What you have to do
Would you retype every line below without changing anything?

◇ ◇ ◇ ◇

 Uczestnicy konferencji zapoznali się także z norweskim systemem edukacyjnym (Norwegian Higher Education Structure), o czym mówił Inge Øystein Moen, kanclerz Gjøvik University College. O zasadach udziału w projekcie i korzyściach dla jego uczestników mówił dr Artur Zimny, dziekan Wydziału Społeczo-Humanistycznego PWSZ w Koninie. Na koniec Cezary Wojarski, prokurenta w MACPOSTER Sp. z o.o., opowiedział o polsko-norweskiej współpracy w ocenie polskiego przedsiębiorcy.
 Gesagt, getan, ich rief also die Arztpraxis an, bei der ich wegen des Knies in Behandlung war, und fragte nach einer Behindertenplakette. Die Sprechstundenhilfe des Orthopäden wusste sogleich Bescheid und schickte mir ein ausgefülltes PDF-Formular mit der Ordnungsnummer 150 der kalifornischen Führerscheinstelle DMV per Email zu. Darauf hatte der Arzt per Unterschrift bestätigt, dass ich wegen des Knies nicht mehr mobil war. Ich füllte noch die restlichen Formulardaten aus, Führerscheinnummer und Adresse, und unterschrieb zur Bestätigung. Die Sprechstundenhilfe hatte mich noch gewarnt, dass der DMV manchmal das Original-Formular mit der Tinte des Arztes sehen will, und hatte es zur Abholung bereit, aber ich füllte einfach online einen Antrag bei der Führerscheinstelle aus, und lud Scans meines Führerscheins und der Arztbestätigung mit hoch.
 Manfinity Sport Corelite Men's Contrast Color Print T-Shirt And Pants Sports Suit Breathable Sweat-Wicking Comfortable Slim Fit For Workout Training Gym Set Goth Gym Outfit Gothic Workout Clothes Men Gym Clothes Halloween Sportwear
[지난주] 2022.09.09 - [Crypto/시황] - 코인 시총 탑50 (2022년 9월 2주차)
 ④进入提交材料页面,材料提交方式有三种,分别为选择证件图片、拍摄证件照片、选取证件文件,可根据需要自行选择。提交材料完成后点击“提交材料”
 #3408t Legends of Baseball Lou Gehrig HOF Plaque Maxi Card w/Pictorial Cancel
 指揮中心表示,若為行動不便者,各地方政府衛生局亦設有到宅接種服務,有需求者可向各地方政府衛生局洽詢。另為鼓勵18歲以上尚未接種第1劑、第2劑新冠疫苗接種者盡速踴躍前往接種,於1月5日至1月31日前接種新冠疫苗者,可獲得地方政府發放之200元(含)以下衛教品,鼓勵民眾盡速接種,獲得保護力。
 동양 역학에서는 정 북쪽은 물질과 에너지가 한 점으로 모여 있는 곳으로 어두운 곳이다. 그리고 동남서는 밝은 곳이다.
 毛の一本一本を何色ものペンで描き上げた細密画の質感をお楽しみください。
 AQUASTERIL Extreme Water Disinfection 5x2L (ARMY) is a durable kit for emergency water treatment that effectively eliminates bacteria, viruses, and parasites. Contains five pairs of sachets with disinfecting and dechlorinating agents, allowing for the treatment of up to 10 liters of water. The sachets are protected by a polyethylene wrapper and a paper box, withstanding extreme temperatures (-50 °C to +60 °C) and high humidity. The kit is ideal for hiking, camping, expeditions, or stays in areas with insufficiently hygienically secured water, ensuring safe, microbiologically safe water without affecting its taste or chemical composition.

◇ ◇ ◇ ◇

Expected answer
 Uczestnicy konferencji zapoznali się także z norweskim systemem edukacyjnym (Norwegian Higher Education Structure), o czym mówił Inge Øystein Moen, kanclerz Gjøvik University College. O zasadach udziału w projekcie i korzyściach dla jego uczestników mówił dr Artur Zimny, dziekan Wydziału Społeczo-Humanistycznego PWSZ w Koninie. Na koniec Cezary Wojarski, prokurenta w MACPOSTER Sp. z o.o., opowiedział o polsko-norweskiej współpracy w ocenie polskiego przedsiębiorcy.
 Gesagt, getan, ich rief also die Arztpraxis an, bei der ich wegen des Knies in Behandlung war, und fragte nach einer Behindertenplakette. Die Sprechstundenhilfe des Orthopäden wusste sogleich Bescheid und schickte mir ein ausgefülltes PDF-Formular mit der Ordnungsnummer 150 der kalifornischen Führerscheinstelle DMV per Email zu. Darauf hatte der Arzt per Unterschrift bestätigt, dass ich wegen des Knies nicht mehr mobil war. Ich füllte noch die restlichen Formulardaten aus, Führerscheinnummer und Adresse, und unterschrieb zur Bestätigung. Die Sprechstundenhilfe hatte mich noch gewarnt, dass der DMV manchmal das Original-Formular mit der Tinte des Arztes sehen will, und hatte es zur Abholung bereit, aber ich füllte einfach online einen Antrag bei der Führerscheinstelle aus, und lud Scans meines Führerscheins und der Arztbestätigung mit hoch.
 Manfinity Sport Corelite Men's Contrast Color Print T-Shirt And Pants Sports Suit Breathable Sweat-Wicking Comfortable Slim Fit For Workout Training Gym Set Goth Gym Outfit Gothic Workout Clothes Men Gym Clothes Halloween Sportwear
[지난주] 2022.09.09 - [Crypto/시황] - 코인 시총 탑50 (2022년 9월 2주차)
 ④进入提交材料页面,材料提交方式有三种,分别为选择证件图片、拍摄证件照片、选取证件文件,可根据需要自行选择。提交材料完成后点击“提交材料”
 #3408t Legends of Baseball Lou Gehrig HOF Plaque Maxi Card w/Pictorial Cancel
 指揮中心表示,若為行動不便者,各地方政府衛生局亦設有到宅接種服務,有需求者可向各地方政府衛生局洽詢。另為鼓勵18歲以上尚未接種第1劑、第2劑新冠疫苗接種者盡速踴躍前往接種,於1月5日至1月31日前接種新冠疫苗者,可獲得地方政府發放之200元(含)以下衛教品,鼓勵民眾盡速接種,獲得保護力。
 동양 역학에서는 정 북쪽은 물질과 에너지가 한 점으로 모여 있는 곳으로 어두운 곳이다. 그리고 동남서는 밝은 곳이다.
 毛の一本一本を何色ものペンで描き上げた細密画の質感をお楽しみください。
 AQUASTERIL Extreme Water Disinfection 5x2L (ARMY) is a durable kit for emergency water treatment that effectively eliminates bacteria, viruses, and parasites. Contains five pairs of sachets with disinfecting and dechlorinating agents, allowing for the treatment of up to 10 liters of water. The sachets are protected by a polyethylene wrapper and a paper box, withstanding extreme temperatures (-50 °C to +60 °C) and high humidity. The kit is ideal for hiking, camping, expeditions, or stays in areas with insufficiently hygienically secured water, ensuring safe, microbiologically safe water without affecting its taste or chemical composition.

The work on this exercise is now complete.